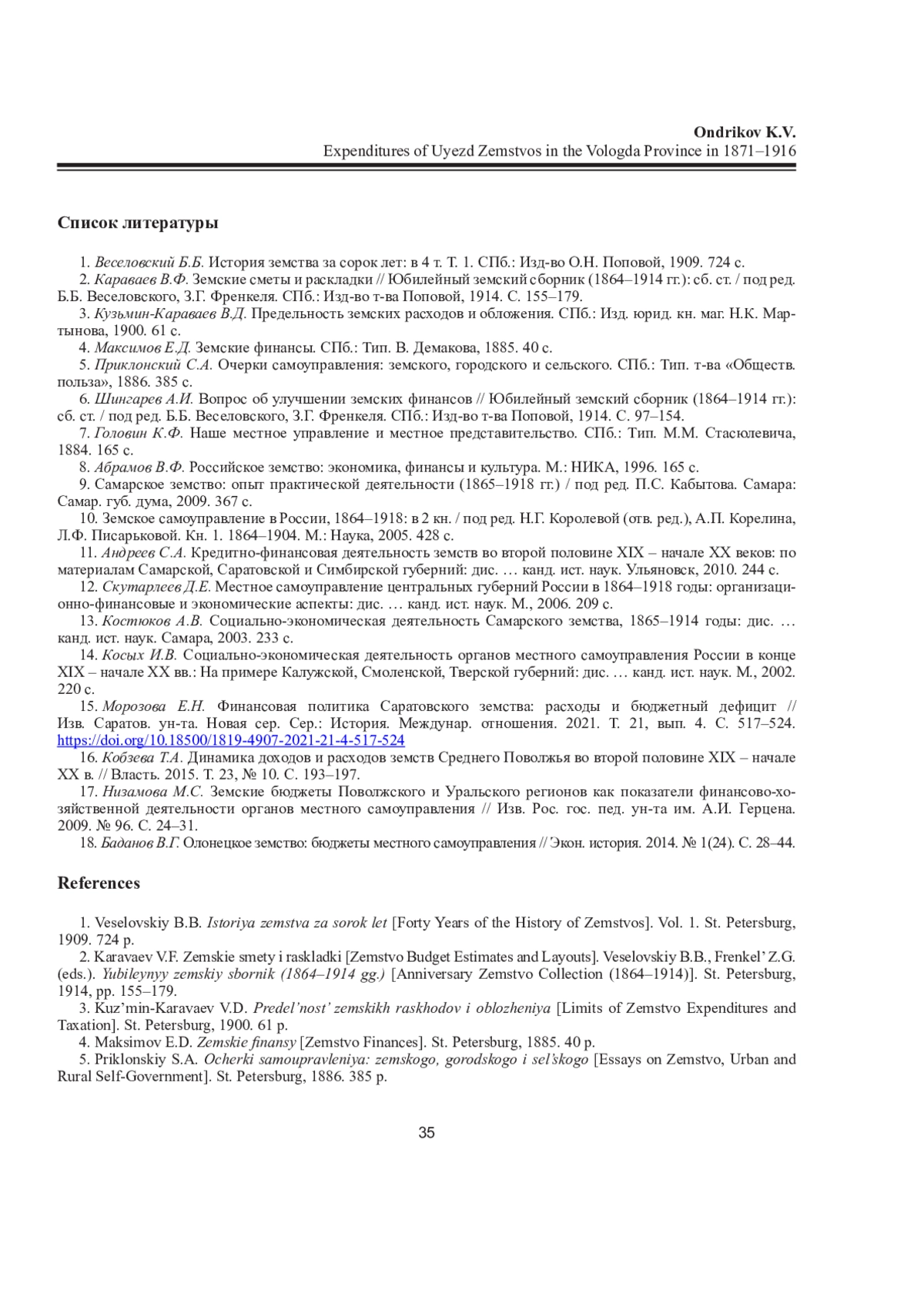 15. Морозова Е.Н. Финансовая политика Саратовского земства: расходы и бюджетный дефицит // Изв. Саратов. ун-та. Новая сер. Сер.: История. Междунар. отношения. 2021. Т. 21, вып. 4. С. 517-524. DOI: 10.18500/1819-4907-2021-21-4-517-524 EDN: HAGTKV
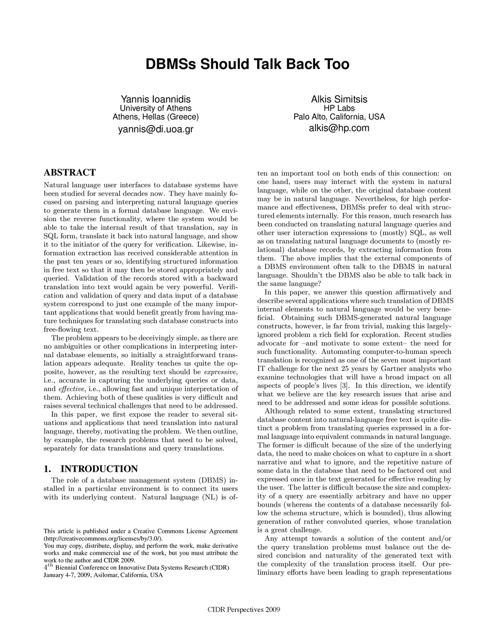 Natural language user interfaces to database systems have been studied for several decades now. They have mainly focused on parsing and interpreting natural language queries to generate them in a formal database language. We envision the reverse functionality, where the system would be able to take the internal result of that translation, say in SQL form, translate it back into natural language, and show it to the initiator of the query for verification. Likewise, information extraction has received considerable attention in the past ten years or so, identifying structured information in free text so that it may then be stored appropriately and queried. Validation of the records stored with a backward translation into text would again be very powerful. Verification and validation of query and data input of a database system correspond to just one example of the many important applications that would benefit greatly from having mature techniques for translating such database constructs into free-flowing text. The problem appears to be deceivingly simple, as there are no ambiguities or other complications in interpreting internal database elements, so initially a straightforward translation appears adequate. Reality teaches us quite the opposite, however, as the resulting text should be expressive, i.e., accurate in capturing the underlying queries or data, and effective, i.e., allowing fast and unique interpretation of them. Achieving both of these qualities is very difficult and raises several technical challenges that need to be addressed. In this paper, we first expose the reader to several situations and applications that need translation into natural language, thereby, motivating the problem. We then outline, by example, the research problems that need to be solved, separately for data translations and query translations.
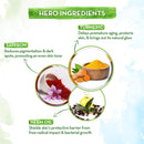 - Brightens skin tone: Helps remove tan and improve complexion with saffron. Turmeric is a natural healer that revives by bringing out skin's natural glow.
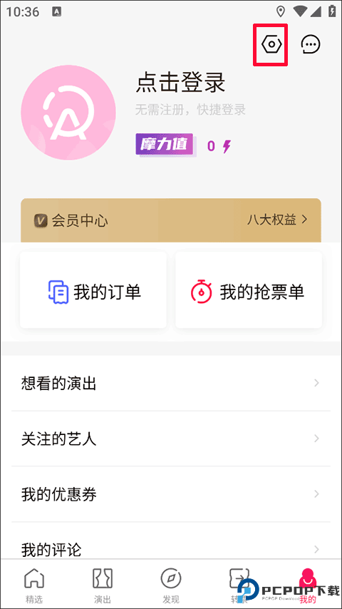 1、打开在本站下载安装好的应用,在我的界面选择并点击右上角“设置”的选项;
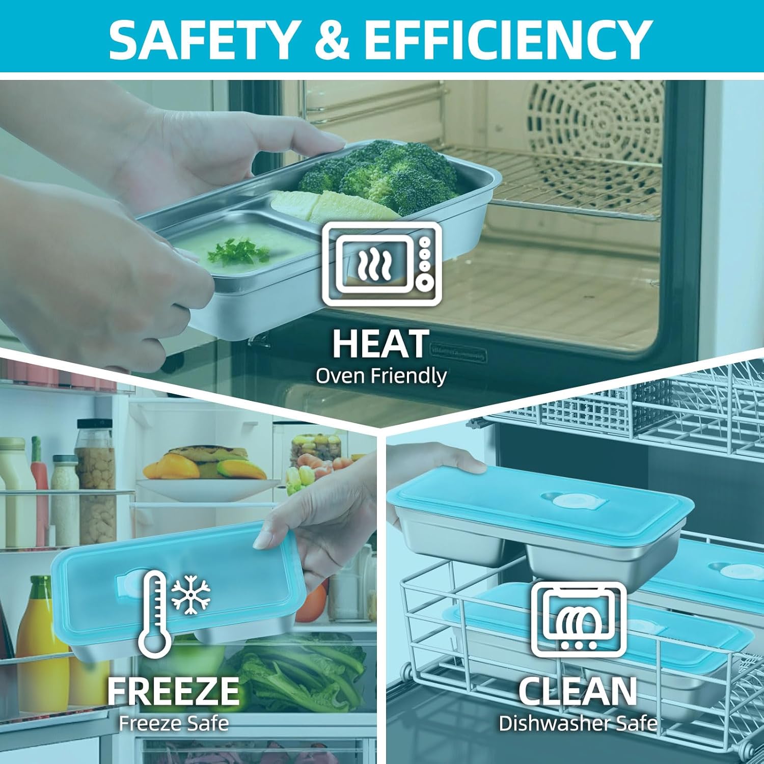 - EASY TO CLEAN: Stainless steel containers reusable with lids support dishwasher cleaning, which is simple and effortless to clean leak proof and fresh,easy to carry, clean and environmentally friendly,ensuring delicious food is not spilled.

_What you should do_
Word-for-word output of the material above is needed, with the pictures left out.

_Your solution_
 15. Морозова Е.Н. Финансовая политика Саратовского земства: расходы и бюджетный дефицит // Изв. Саратов. ун-та. Новая сер. Сер.: История. Междунар. отношения. 2021. Т. 21, вып. 4. С. 517-524. DOI: 10.18500/1819-4907-2021-21-4-517-524 EDN: HAGTKV
 Natural language user interfaces to database systems have been studied for several decades now. They have mainly focused on parsing and interpreting natural language queries to generate them in a formal database language. We envision the reverse functionality, where the system would be able to take the internal result of that translation, say in SQL form, translate it back into natural language, and show it to the initiator of the query for verification. Likewise, information extraction has received considerable attention in the past ten years or so, identifying structured information in free text so that it may then be stored appropriately and queried. Validation of the records stored with a backward translation into text would again be very powerful. Verification and validation of query and data input of a database system correspond to just one example of the many important applications that would benefit greatly from having mature techniques for translating such database constructs into free-flowing text. The problem appears to be deceivingly simple, as there are no ambiguities or other complications in interpreting internal database elements, so initially a straightforward translation appears adequate. Reality teaches us quite the opposite, however, as the resulting text should be expressive, i.e., accurate in capturing the underlying queries or data, and effective, i.e., allowing fast and unique interpretation of them. Achieving both of these qualities is very difficult and raises several technical challenges that need to be addressed. In this paper, we first expose the reader to several situations and applications that need translation into natural language, thereby, motivating the problem. We then outline, by example, the research problems that need to be solved, separately for data translations and query translations.
 - Brightens skin tone: Helps remove tan and improve complexion with saffron. Turmeric is a natural healer that revives by bringing out skin's natural glow.
 1、打开在本站下载安装好的应用,在我的界面选择并点击右上角“设置”的选项;
 - EASY TO CLEAN: Stainless steel containers reusable with lids support dishwasher cleaning, which is simple and effortless to clean leak proof and fresh,easy to carry, clean and environmentally friendly,ensuring delicious food is not spilled.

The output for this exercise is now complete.